**What to produce**.
Your task is to write out every line of the data exactly. Drop the pictures.

Records from a data source
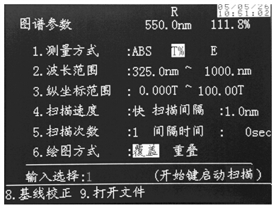 在“輸入選擇”中用數字鍵輸入相應的數字后確認可進行相應項的參數設置,在設置參數的過程中也可用方向鍵移動至其他項進行參數設置,但所有設置必須以確認鍵確認方可有效,參數設置完成后按“返回”鍵返回后,可進行基線校正,基線校正完成后按“開始/停止”鍵可執行掃描。
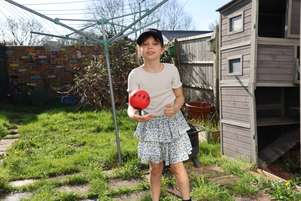 This ball does feel like it’s not going to break and as it’s made of a harder plastic, it doesn’t have the ability to pop or anything. Robin very much likes the red color and the little lightning bolts on this version of the Zzzopla, which is always a plus too. The Zzzopla Thunder Ball is a simple toy, but one of those types of toys that feels ideal for outdoor play, especially as the weather warms up and kids are playing in the garden!
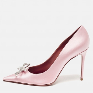 Amina Muaddi Pink Leather Sharon Pumps Size 37
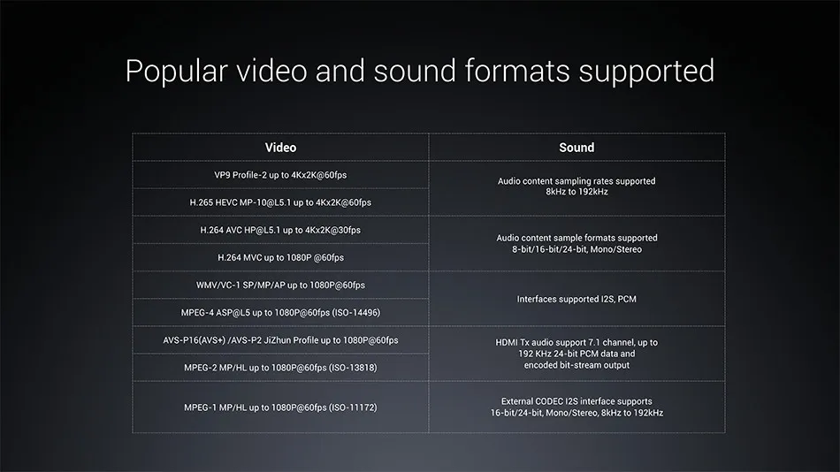 VP9 Profile-2 up to 4K x 2K @ 60fps
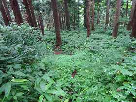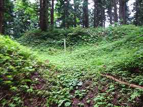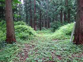 最初の枡形に戻ると、跡は地形なりに北側に向かって何段もの郭が連続している。ただし、夏場で草刈りがされていないうえに、雨上がりで草が濡れていたため、先まで進んでいくことができなかった。乾いていれば通れなくもなかったのだが、雨上がりでヤブが濡れている状態ではとても進入できない。この先の遺構は次回の課題としたい。
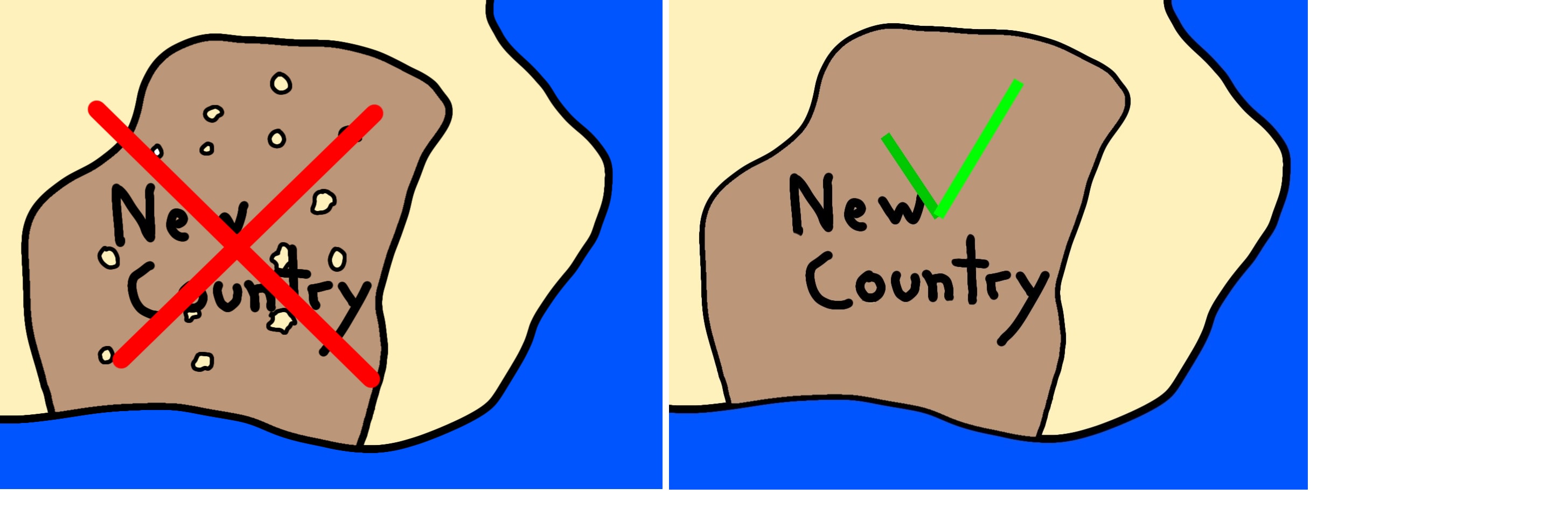 An alternative would be for founders to abandon the goal of a solid territory. They would just buy the CBs and properties that they could and create their countries around the land they were not able to clear. For example, if a farmer refused to sell her farm to a founder, the founder could just build his country around that farm. Since the founder failed to buy the farm, the farm would still be part of the adopting country’s territory; it would be a little dot of adopting country within the borders of the new country.
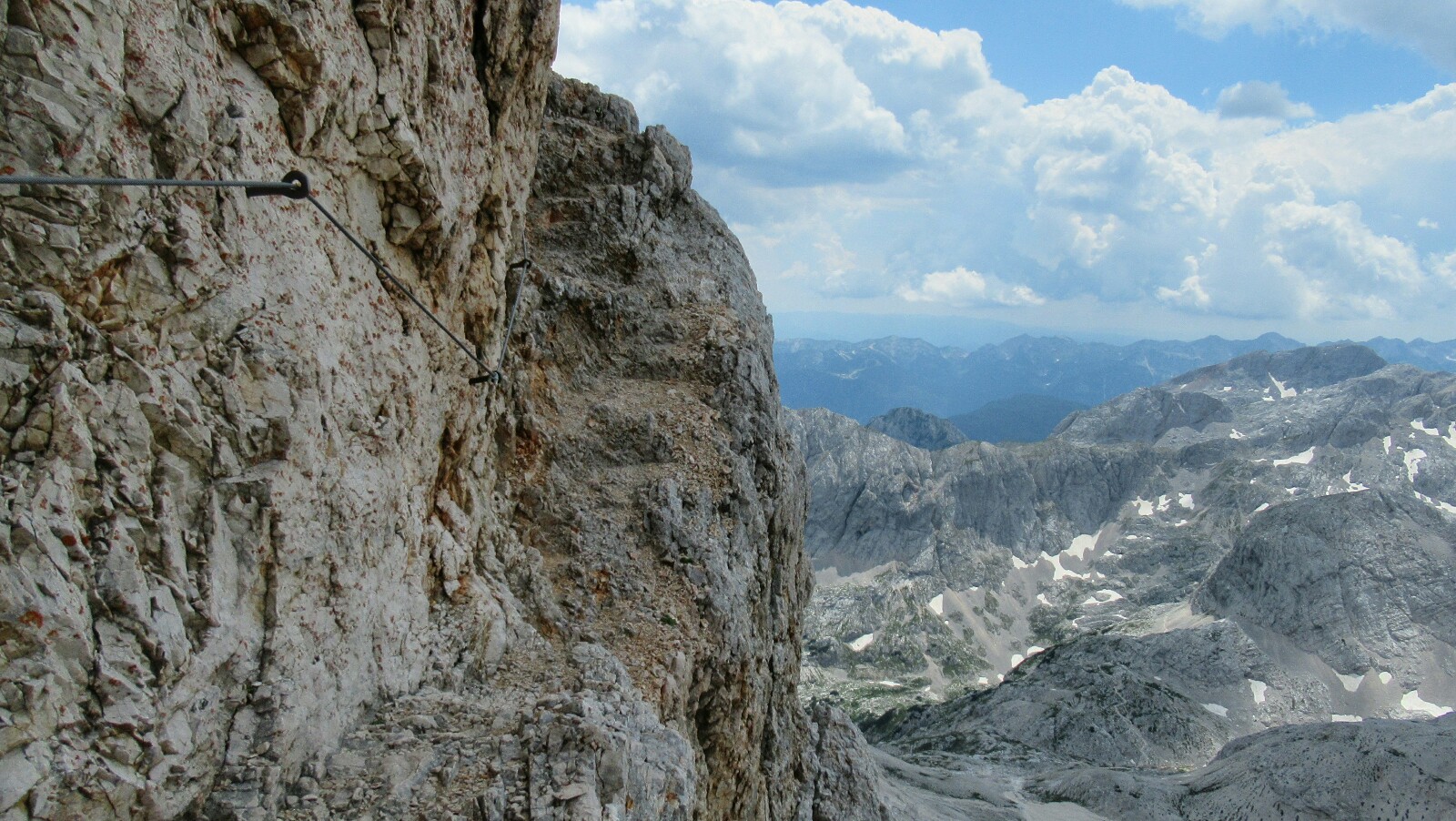 Al acabar del zigzag y pasar de los 2300 metros de altitud aparecieron las primeras nieves del trekking. Desde este punto hasta lo alto del Kanjavec (2568 metros) tuve que cruzar varios neveros que aumentaban el grado de dificultad de la ruta, ya que se resbalaba bastante (no voy a negar que me di un par de culadas).
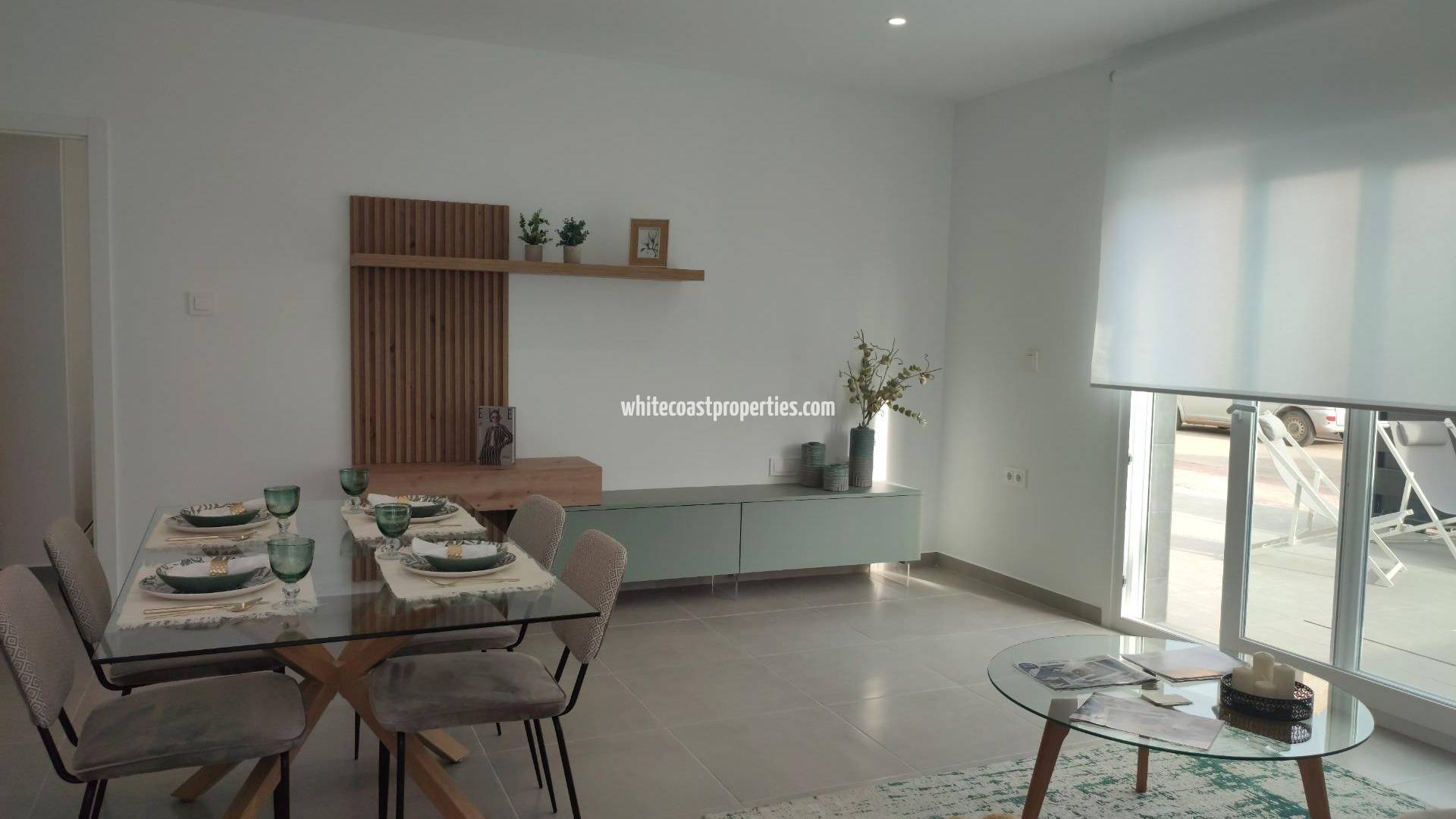 VILLAS DE OBRA NUEVA EN BALSICAS, MURCIA El residencial de nueva construcción dispone de 6 villas unifamiliares de una sola planta, con zona de terrazas, piscina privada, aparcamiento en la parcela y solarium con cocina de verano, para disfrutar de todas las horas de sol todos los días del año. Cada vivienda dispone de 3 dormitorios y 2 baños completos. La propiedad ha sido diseñada con un estilo contemporáneo y un concepto abierto, con una cocina totalmente equipada y un salón-comedor. La propiedad cumplirá con los más altos estándares y estará equipada con: Cocina completamente amueblada y equipada con horno, frigorífico y lavavajillas integrados, placa de cocción y campana extractora. Isla de trabajo en la cocina. Iluminación: en el interior de la vivienda (comedor, cocina, pasillos y baños), así como en las zonas exteriores. Armarios forrados con cajones. Cuartos de baño totalmente equipados con inodoro, mueble de baño, espejo y ducha con mamparas. Preinstalación de aire acondicionado por conductos. Solarium con cocina de verano, con preinstalación de electrodomésticos y puertas correderas. Piscina privada con ducha exterior. Plaza de aparcamiento en la parcela. Balsicas es un lugar perfecto para los amantes del golf y también para todo aquel que disfrute de los espacios verdes como lugares de ocio, belleza y tranquilidad. Su estratégica ubicación hace que la familia que decida vivir en este complejo tenga a su alcance todo lo que cualquier persona puede desear: un clima donde el sol brilla casi todo el año, playas cercanas, el Mar Menor y sus lodos naturales. con poderes curativos demostrados. Complejo situado a 20 minutos del aeropuerto de Murcia - Corvera y a 1 hora del aeropuerto de Alicante.
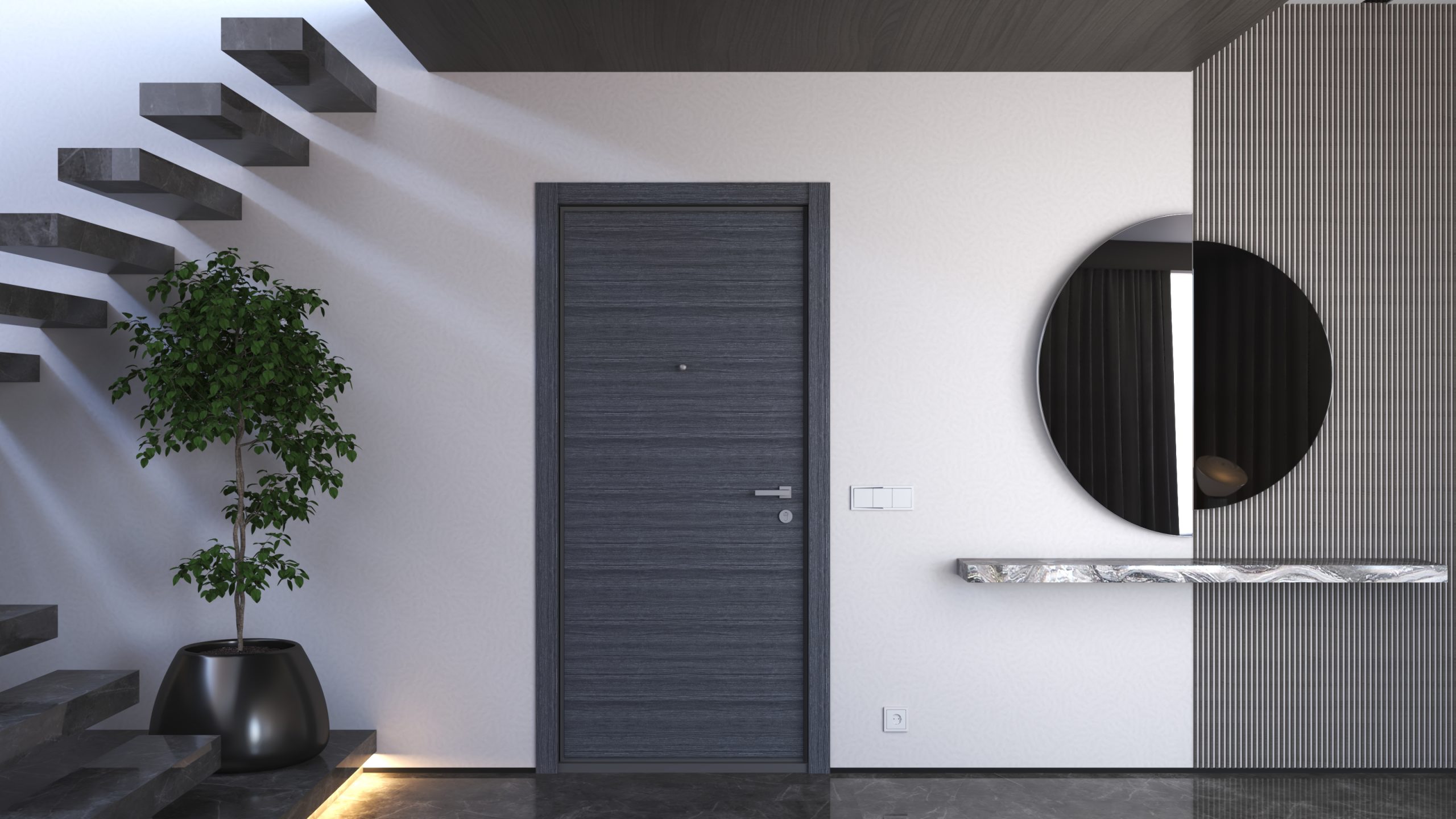 Toc metalic vopsit gri, structură metalică de susținere a panourilor, panouri din MDF laminat, balamale reglabile din oțel, izolație interioară cu vată minerală și puncte suplimentare de închidere pentru rezistență sporită la efracție.

**Response**.
 在“輸入選擇”中用數字鍵輸入相應的數字后確認可進行相應項的參數設置,在設置參數的過程中也可用方向鍵移動至其他項進行參數設置,但所有設置必須以確認鍵確認方可有效,參數設置完成后按“返回”鍵返回后,可進行基線校正,基線校正完成后按“開始/停止”鍵可執行掃描。
 This ball does feel like it’s not going to break and as it’s made of a harder plastic, it doesn’t have the ability to pop or anything. Robin very much likes the red color and the little lightning bolts on this version of the Zzzopla, which is always a plus too. The Zzzopla Thunder Ball is a simple toy, but one of those types of toys that feels ideal for outdoor play, especially as the weather warms up and kids are playing in the garden!
 Amina Muaddi Pink Leather Sharon Pumps Size 37
 VP9 Profile-2 up to 4K x 2K @ 60fps
 最初の枡形に戻ると、跡は地形なりに北側に向かって何段もの郭が連続している。ただし、夏場で草刈りがされていないうえに、雨上がりで草が濡れていたため、先まで進んでいくことができなかった。乾いていれば通れなくもなかったのだが、雨上がりでヤブが濡れている状態ではとても進入できない。この先の遺構は次回の課題としたい。
 An alternative would be for founders to abandon the goal of a solid territory. They would just buy the CBs and properties that they could and create their countries around the land they were not able to clear. For example, if a farmer refused to sell her farm to a founder, the founder could just build his country around that farm. Since the founder failed to buy the farm, the farm would still be part of the adopting country’s territory; it would be a little dot of adopting country within the borders of the new country.
 Al acabar del zigzag y pasar de los 2300 metros de altitud aparecieron las primeras nieves del trekking. Desde este punto hasta lo alto del Kanjavec (2568 metros) tuve que cruzar varios neveros que aumentaban el grado de dificultad de la ruta, ya que se resbalaba bastante (no voy a negar que me di un par de culadas).
 VILLAS DE OBRA NUEVA EN BALSICAS, MURCIA El residencial de nueva construcción dispone de 6 villas unifamiliares de una sola planta, con zona de terrazas, piscina privada, aparcamiento en la parcela y solarium con cocina de verano, para disfrutar de todas las horas de sol todos los días del año. Cada vivienda dispone de 3 dormitorios y 2 baños completos. La propiedad ha sido diseñada con un estilo contemporáneo y un concepto abierto, con una cocina totalmente equipada y un salón-comedor. La propiedad cumplirá con los más altos estándares y estará equipada con: Cocina completamente amueblada y equipada con horno, frigorífico y lavavajillas integrados, placa de cocción y campana extractora. Isla de trabajo en la cocina. Iluminación: en el interior de la vivienda (comedor, cocina, pasillos y baños), así como en las zonas exteriores. Armarios forrados con cajones. Cuartos de baño totalmente equipados con inodoro, mueble de baño, espejo y ducha con mamparas. Preinstalación de aire acondicionado por conductos. Solarium con cocina de verano, con preinstalación de electrodomésticos y puertas correderas. Piscina privada con ducha exterior. Plaza de aparcamiento en la parcela. Balsicas es un lugar perfecto para los amantes del golf y también para todo aquel que disfrute de los espacios verdes como lugares de ocio, belleza y tranquilidad. Su estratégica ubicación hace que la familia que decida vivir en este complejo tenga a su alcance todo lo que cualquier persona puede desear: un clima donde el sol brilla casi todo el año, playas cercanas, el Mar Menor y sus lodos naturales. con poderes curativos demostrados. Complejo situado a 20 minutos del aeropuerto de Murcia - Corvera y a 1 hora del aeropuerto de Alicante.
 Toc metalic vopsit gri, structură metalică de susținere a panourilor, panouri din MDF laminat, balamale reglabile din oțel, izolație interioară cu vată minerală și puncte suplimentare de închidere pentru rezistență sporită la efracție.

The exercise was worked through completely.